Exercise directions:
Within the entries below, find every line that has the string "toilet", then copy it.

(Records excerpted from a collection)
******

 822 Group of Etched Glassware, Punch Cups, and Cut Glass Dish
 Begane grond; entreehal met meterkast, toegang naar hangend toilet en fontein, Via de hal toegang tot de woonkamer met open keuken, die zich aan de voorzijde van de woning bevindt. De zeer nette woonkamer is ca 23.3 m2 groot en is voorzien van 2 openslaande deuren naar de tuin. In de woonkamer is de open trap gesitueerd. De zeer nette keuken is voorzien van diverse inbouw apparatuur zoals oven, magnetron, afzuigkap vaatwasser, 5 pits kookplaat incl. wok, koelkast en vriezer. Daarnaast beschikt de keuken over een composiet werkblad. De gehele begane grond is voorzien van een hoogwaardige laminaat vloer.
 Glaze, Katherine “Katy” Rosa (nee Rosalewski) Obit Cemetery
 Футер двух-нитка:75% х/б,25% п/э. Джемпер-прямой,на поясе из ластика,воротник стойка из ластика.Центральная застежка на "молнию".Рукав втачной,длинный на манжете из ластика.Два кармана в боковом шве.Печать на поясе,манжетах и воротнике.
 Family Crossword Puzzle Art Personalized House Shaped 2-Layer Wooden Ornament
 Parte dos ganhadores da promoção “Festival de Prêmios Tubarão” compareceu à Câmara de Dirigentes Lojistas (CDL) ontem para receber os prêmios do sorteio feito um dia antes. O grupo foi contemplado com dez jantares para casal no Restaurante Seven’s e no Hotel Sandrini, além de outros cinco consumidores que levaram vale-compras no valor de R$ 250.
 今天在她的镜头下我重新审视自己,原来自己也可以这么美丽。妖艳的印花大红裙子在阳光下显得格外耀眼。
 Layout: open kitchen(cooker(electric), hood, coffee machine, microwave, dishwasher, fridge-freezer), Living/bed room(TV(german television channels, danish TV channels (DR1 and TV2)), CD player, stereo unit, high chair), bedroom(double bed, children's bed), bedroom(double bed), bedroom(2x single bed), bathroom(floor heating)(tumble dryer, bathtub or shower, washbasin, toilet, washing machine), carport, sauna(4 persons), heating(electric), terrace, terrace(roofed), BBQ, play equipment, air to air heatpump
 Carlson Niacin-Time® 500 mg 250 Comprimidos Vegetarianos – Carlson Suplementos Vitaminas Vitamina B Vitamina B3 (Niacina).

******

Exercise output:
 Begane grond; entreehal met meterkast, toegang naar hangend toilet en fontein, Via de hal toegang tot de woonkamer met open keuken, die zich aan de voorzijde van de woning bevindt. De zeer nette woonkamer is ca 23.3 m2 groot en is voorzien van 2 openslaande deuren naar de tuin. In de woonkamer is de open trap gesitueerd. De zeer nette keuken is voorzien van diverse inbouw apparatuur zoals oven, magnetron, afzuigkap vaatwasser, 5 pits kookplaat incl. wok, koelkast en vriezer. Daarnaast beschikt de keuken over een composiet werkblad. De gehele begane grond is voorzien van een hoogwaardige laminaat vloer.
 Layout: open kitchen(cooker(electric), hood, coffee machine, microwave, dishwasher, fridge-freezer), Living/bed room(TV(german television channels, danish TV channels (DR1 and TV2)), CD player, stereo unit, high chair), bedroom(double bed, children's bed), bedroom(double bed), bedroom(2x single bed), bathroom(floor heating)(tumble dryer, bathtub or shower, washbasin, toilet, washing machine), carport, sauna(4 persons), heating(electric), terrace, terrace(roofed), BBQ, play equipment, air to air heatpump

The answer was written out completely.